Fig. 45: FLITS of Ca2+ concentration in cultured neurons. Ca2+ sensor Oregon Green, LSM 7 MP, electrical stimulation, 100 stimulation periods accumulated. Transient-time resolution 2 ms.
Z Stack recording
Z stack recording with the bh FLIM systems for Zeiss LSM microscopes is achieved by controlling the Z drive of the microscope via the Zeiss ZEN software. Synchronisation with the Z scanning is obtained by a trigger pulse from the Zeiss system to the TCSPC / FLIM modules. The FLIM system has two procedures to record Z stacks. One is based on Mosaic FLIM: The data of subsequent planes are recorded in a large FLIM Mosaic. An example of a Mosaic-FLIM Z stack is shown in Fig. 46.
Fig. 46: Z stack of a pig skin sample, recorded by mosaic FLIM procedure.
The advantage of Mosaic Z stack recording is that the images of all Z planes are recorded in a single, large FLIM data set. This avoids delay by writing data in subsequent data sets, and guarantees that the data of all planes are exactly comparable. It also simplifies data analysis: The image segmentation functions of SPCImage can be applied to the entire Z stack, and all Z planes are analysed with exactly identical fit conditions. On the downside, the maximum number of planes is limited by the available data space. Depending on the desired lateral resolution, that means that 16 to 64 Z planes can be recorded.

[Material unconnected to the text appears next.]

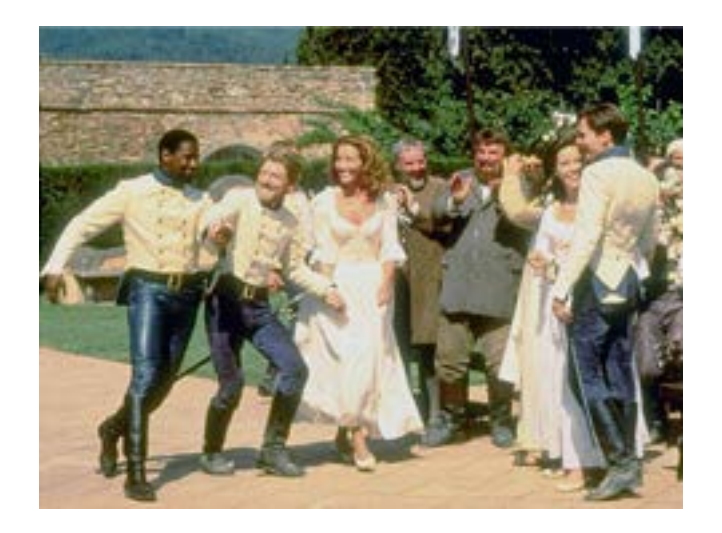
Image 4: Still from the Movie "Much Ado About Nothing" Directed by Kenneth Brannaugh, 2002

A virtually unlimited number of Z planes can be recorded by a 'record and save' procedure. That means an image of the current plane is recorded, saved into a file, and then the focal plane is moved to the next Z plane. The procedure is repeated until the desired number of planes has been recorded. The advantage of the record-and-save procedure is that the frame size (pixels x time channels) can be made very large, and the number of Z planes is virtually unlimited. The disadvantage is that some time is required to save the data of the individual planes. An example of a high-resolution Z stack obtained from a fruit fly is shown below. The stack contains 126 planes, each scanned with 512 x 512 pixels and 1024 time channels. Fig. 47 shows a vertical projection of all planes in a single FLIM image by the 'Multi-File View' of SPCM.
Fig. 47: Z Stack of a fruit fly. Vertical projection of all 126 planes of the z stack into a single FLIM image. Planes added by Multi-File View of SPCM, image displayed by Online-Lifetime function of SPCM. Single-exponential lifetime by first-moment analysis.
Fig. 48 shows the same data, analysed by SPCImage and combined into a 3D representation by Image J. All 126 planes were processed with a double-exponential model by the batch-processing function of SPCImage NG, and the resulting 126 tm images written into bmp files by the batch-export function. The bmp files were imported into Image J, which then constructed the 3D representation.
Fig. 48: Z stack of a fruit fly. Decay analysis by SPCImage NG and 3D reconstruction by ImageJ. Colour represents mean lifetime, tm, of double-exponential decay, lifetime range red to blue = 0 to 1250 ps.
Simultaneous FLIM / PLIM
The bh FLIM systems are able to simultaneously record fluorescence (FLIM) and phosphorescence lifetime images (PLIM) [13, 31, 66, 67, 71, 91]. The technique is based on modulating a high-frequency pulsed excitation laser synchronously with the pixel clock of the scanner. Photon times are determined both with reference to the laser pulses and the laser modulation period. Fluorescence is recorded during the on time, phosphorescence during the off time of the laser. The technique does not require a reduction of the laser repetition rate, works with two-photon excitation and non-descanned detection, and delivers an extremely high PLIM sensitivity. Unlike other PLIM techniques, it does not cause moiré in the images and can thus be used at scan rates no lower than the reciprocal phosphorescence decay time. For procedures and parameter setup in combination with the Zeiss LSMs please see [2]. A typical result is shown in Fig. 49. For application literature please see [31].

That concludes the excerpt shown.